Directions: Leave the pictures out and reproduce, exactly, the lines from the one with "No overnight camping or camper vans Sign" through the end of the entries below.

Task data:
_ _ _ _ _

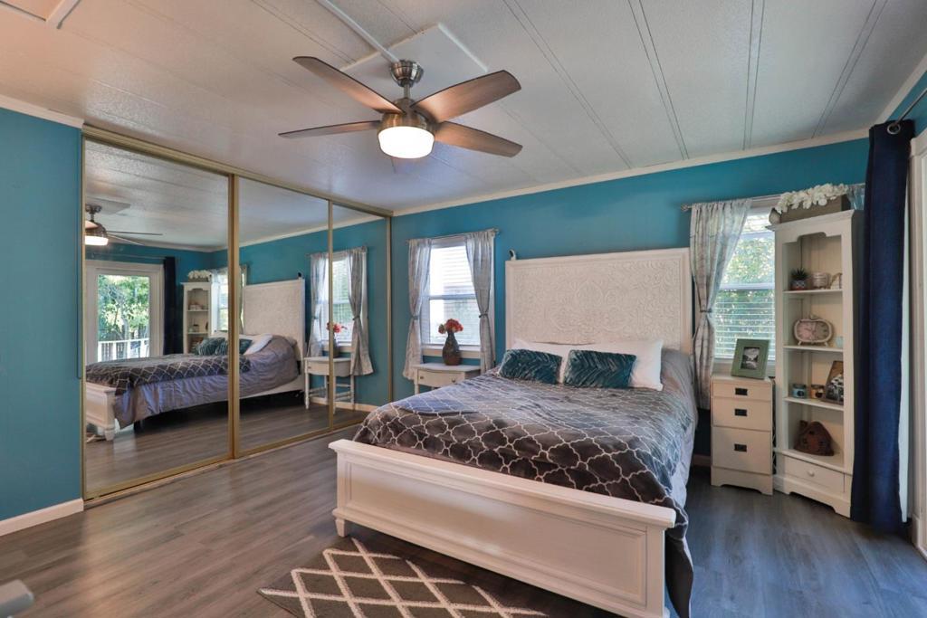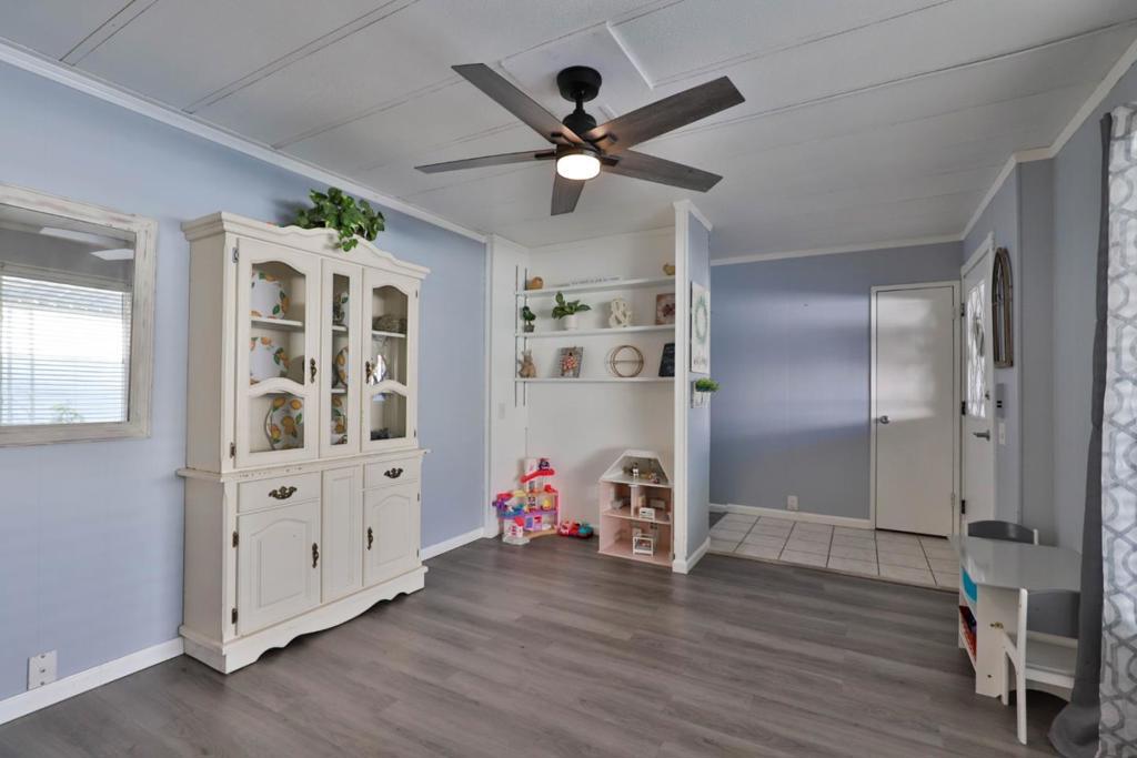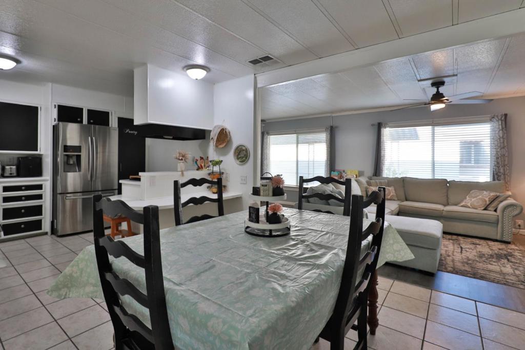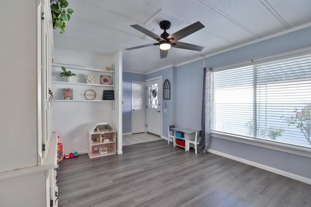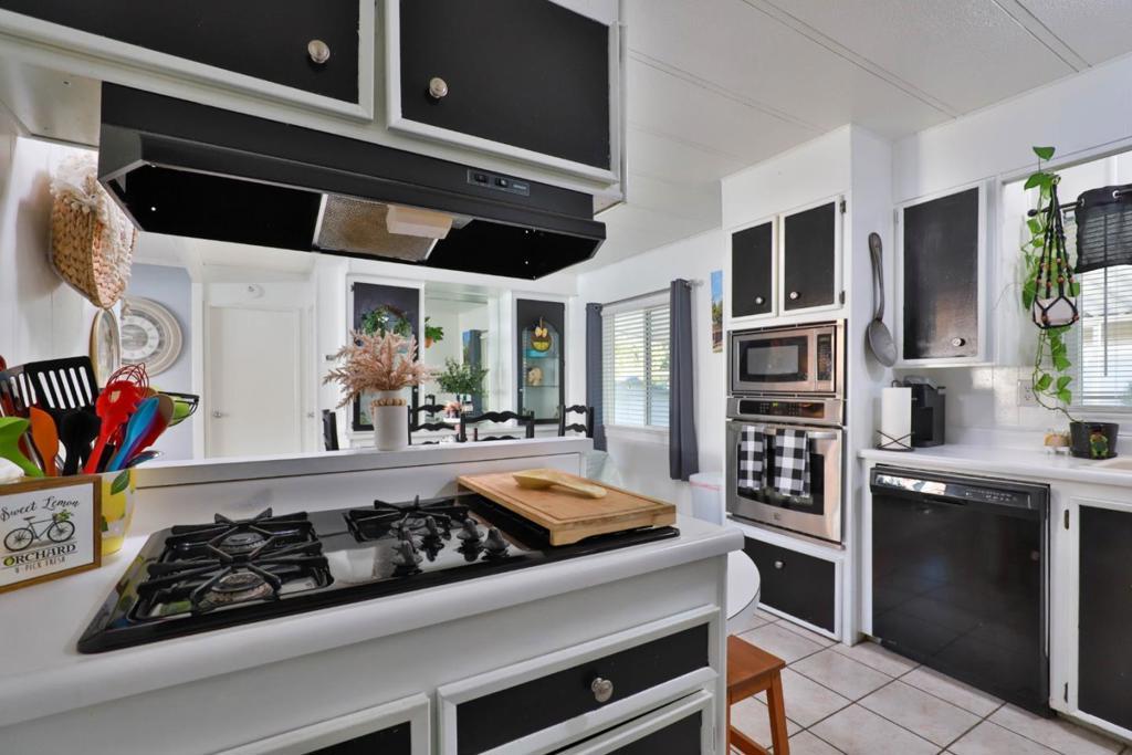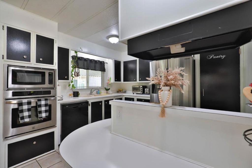 $250 Off Space Rent per month for the first year! Get moved in and through the holidays with a little help from the sellers! Move-In Ready bright and cheerful home tucked inside a well maintained all ages park, Surrounded by the vineyards of Lodi's celebrated wine country. From the moment you step up to the charming entry, you'll feel right at home. Inside, the spacious layout is designed with both comfort and privacy in mind. The primary suite is positioned at the rear of the home, featuring a large ensuite bathroom and shower over tub. A newly installed sliding door leads to your own private garden, recently landscaped with in-ground lemon tree and no rear neighbors! Up front you'll find two additional bedrooms and a stylishly updated full bath. The living room is filled with natural light pouring in through the oversized dual pane windows and rustic-modern ceiling fans add character and comfort. The heart of the home is the black & white themed updated kitchen boasting stainless steel appliances which opens to the dining area and its built-in hutch for storage & display. Adjacent cozy laundry room leads you out to the covered two-car carport and 2 8x6x7 storage sheds that both have power. Plus, the washer, dryer and refrigerator are included! Your Home Sweet Home!
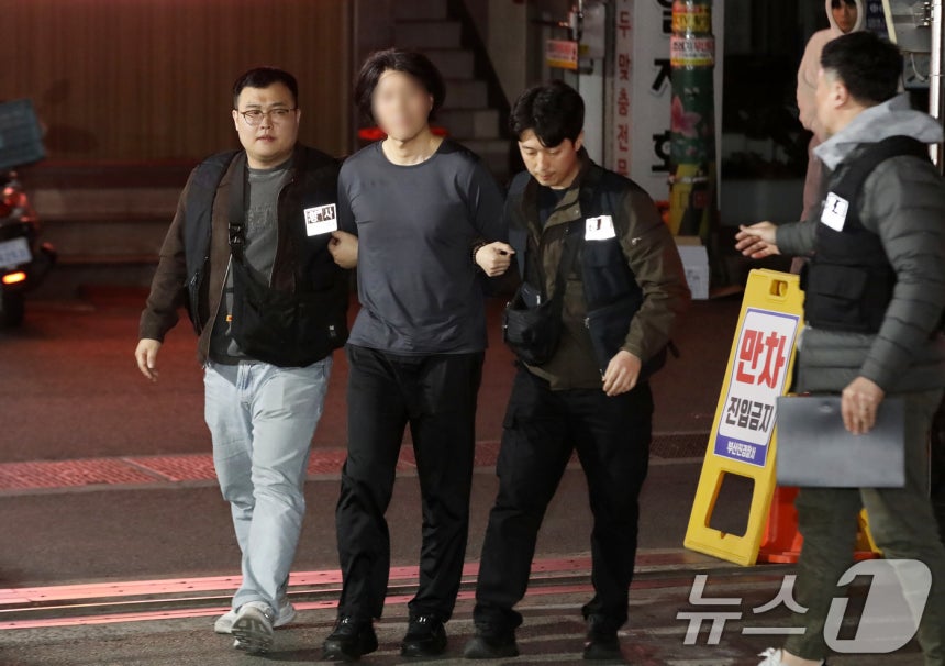 (부산=뉴스1) 윤일지 기자 = 부산의 한 아파트에서 항공사 기장을 흉기로 살해한 혐의를 받는 50대 피의자 A 씨가 17일 오후 부산진경찰서로 압송되고 있다.
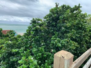 Der Garten wird durch einen hübschen Stakentenzaun begrenzt und dahinter wächst eine Meertraubenhecke (Coccoloba uvifera). Leider sind die Früchte, die an Weintrauben erinnern, noch nicht reif. Man kann nämlich das süße Fruchtfleisch der Meer- oder Seetraube nicht nur zu Gelee oder Wein verarbeiten, sondern auch frisch vom Baum essen.
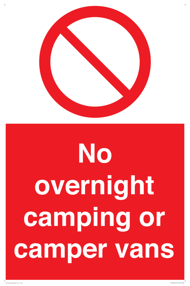 No overnight camping or camper vans Sign
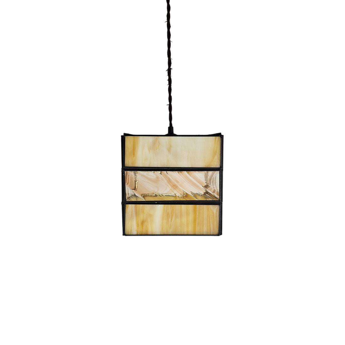 Farol cuadrado de techo con 1 Luz realizado en estaño pintado pintado viejo con cable trenzado marrón. Alto sin cable 17 cm. Altura ajustable.
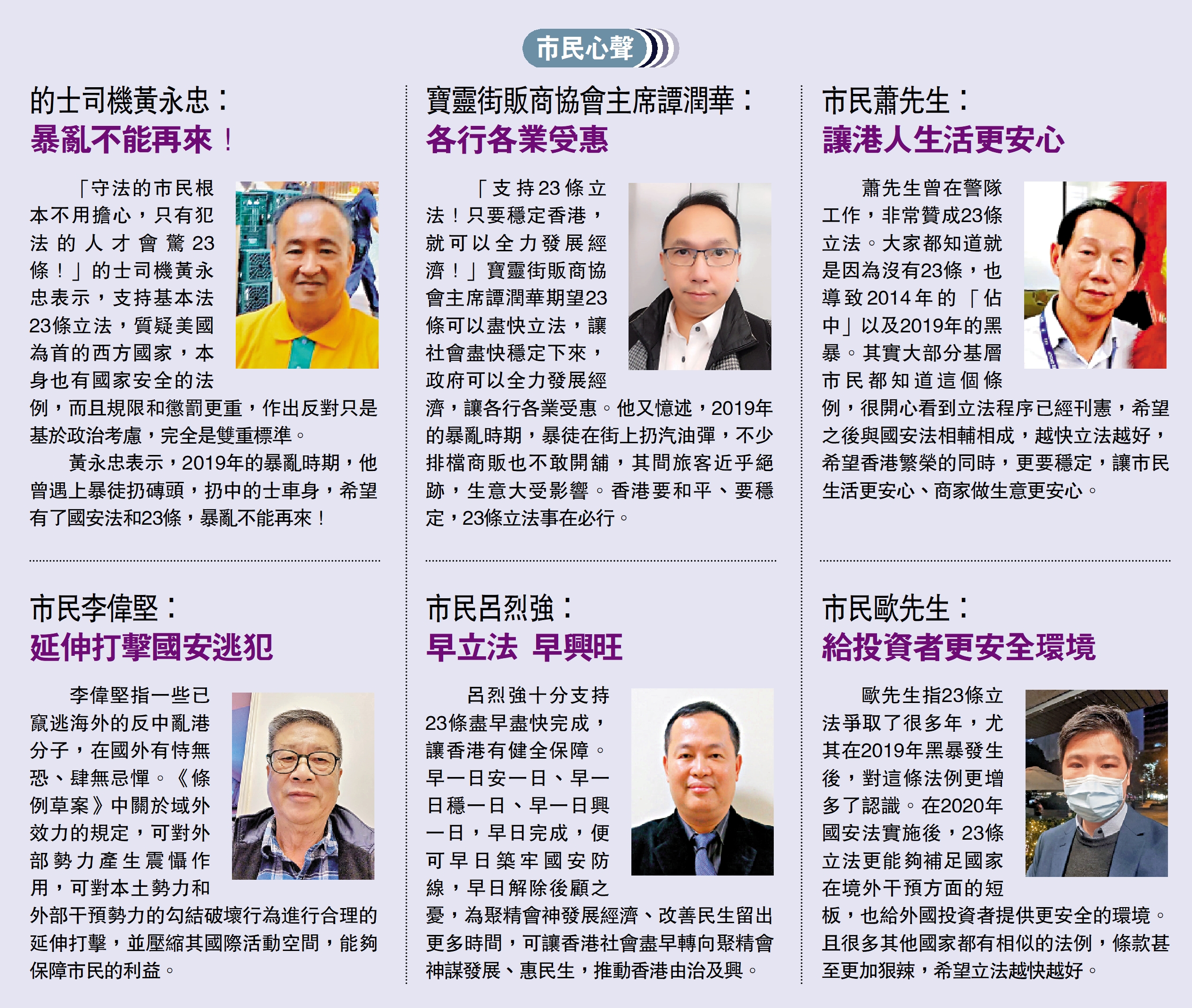 「守法的市民根本不用擔心,只有犯法的人才會驚23條!」的士司機黃永忠表示,支持基本法23條立法,質疑美國為首的西方國家,本身也有國家安全的法例,而且規限和懲罰更重,作出反對只是基於政治考慮,完全是雙重標準。
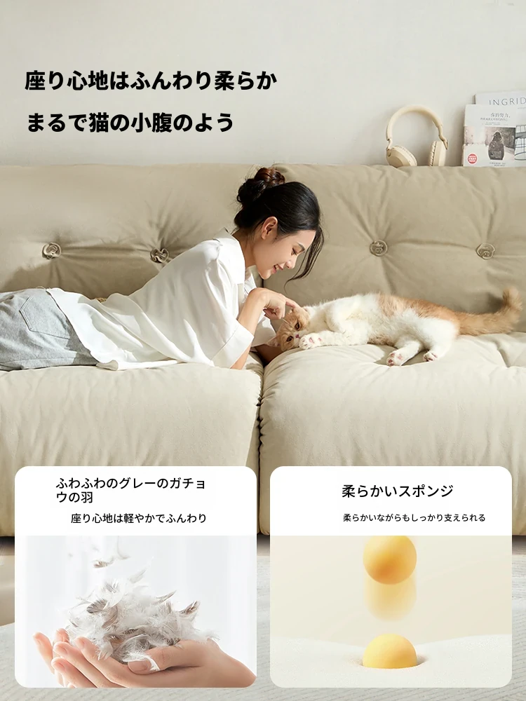 政府補助付きのリン家居クリーム風雲ソファー - リビングにぴったりの2024年新作、小型スペースにも最適!猫も満足の布地家具。快適なひとときをお届けします。

_ _ _ _ _

Task solution:
 No overnight camping or camper vans Sign
 Farol cuadrado de techo con 1 Luz realizado en estaño pintado pintado viejo con cable trenzado marrón. Alto sin cable 17 cm. Altura ajustable.
 「守法的市民根本不用擔心,只有犯法的人才會驚23條!」的士司機黃永忠表示,支持基本法23條立法,質疑美國為首的西方國家,本身也有國家安全的法例,而且規限和懲罰更重,作出反對只是基於政治考慮,完全是雙重標準。
 政府補助付きのリン家居クリーム風雲ソファー - リビングにぴったりの2024年新作、小型スペースにも最適!猫も満足の布地家具。快適なひとときをお届けします。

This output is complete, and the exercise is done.